Тут она ударила его, оттолкнула с яростью дикой кошки и выскочила из комнаты.
– Что такое с Розой? – спросила миссис Стирфорт, входя в гостиную.
– Она некоторое время была ангелом, мама, а теперь, для равновесия, ударилась в другую крайность, – ответил Стирфорт.
– Ты не должен ее сердить, Джеймс. Помни: характер у нее стал раздражительный, не надо ее дразнить.
Роза не возвратилась, и о ней не было сказано ни слова, пока я не пришел со Стирфортом в его комнату, чтобы попрощаться с ним перед сном. Он посмеялся над ней и спросил меня, приходилось ли мне видеть такое неистовое и непостижимое существо.
Я подивился от всей души и спросил, догадывается ли он, почему она так неожиданно сочла себя оскорбленной.
– А бог ее знает! – ответил Стирфорт. – Какая угодно причина, а может быть, никакой. Я уже вам говорил, что она решительно все, включая самое себя, тащит к точильному камню, чтобы отточить. Она походит на острый клинок и требует весьма осторожного обращения. Она существо опасное. Спокойной ночи.
– Спокойной ночи, дорогой Стирфорт. Утром я уеду, прежде чем вы проснетесь. Спокойной ночи.
Он не хотел меня отпускать, стоял передо мной, положив руки мне на плечи, как тогда у меня в комнате.
– Маргаритка, – сказал он, улыбаясь, – хотя ваши крестные отец с матерью не нарекли вас этим именем, но я люблю вас так называть… И я бы хотел – о, как бы я хотел! – чтобы вы могли называть меня так!
– Ну, что ж, я мог бы, если бы пожелал, – сказал я.
– Маргаритка! Если что-нибудь нас разлучит, вспоминайте только самое хорошее, что есть во мне, старина! Давайте заключим договор. Вспоминайте только самое хорошее, если обстоятельства бросят нас когда-нибудь в разные стороны.
– Для меня в вас нет ни самого хорошего, ни самого плохого, Стирфорт, – сказал я. – Я вас всегда люблю одинаково нежно и неизменно.
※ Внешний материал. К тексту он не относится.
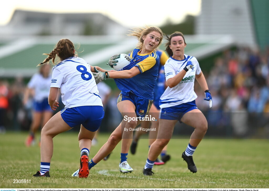 3 August 2022; Sián Gallagher of Longford in action against Kerrieanne Walsh of Monaghan during the ZuCar All-Ireland Ladies Football Minor B Championship Final match between Monaghan and Longford at Donaghmore Ashbourne GAA club in Ashbourne, Meath. Photo by David Fitzgerald/Sportsfile

Как мне стало совестно, что иной раз я бывал, хотя бы мысленно, несправедлив к нему! Это признание готово было сорваться с моих уст. И оно сорвалось бы, если бы я не боялся предать доверившеюся мне Агнес и если бы знал, как заговорить, не рискуя ее предать, – сорвалось бы раньше, чем он сказал: «Да благословит вас бог, Маргаритка. Спокойной ночи». Но, пока я колебался, оно застыло у меня на губах. И мы пожали друг другу руку и расстались.
Встал я на рассвете. Оделся, стараясь не шуметь, и заглянул к нему в комнату. Он спал глубоким сном, подложив под голову руку, – так, бывало, спал он и в школе.
Очень скоро пришла пора, когда я готов был удивляться, как же это ничто не потревожило его покоя в эти мгновения, которые я провел возле его постели. Но он спал… вот таким я вижу его снова… спал так, как, бывало, спал в школе. И в этот тихий час я покинул его.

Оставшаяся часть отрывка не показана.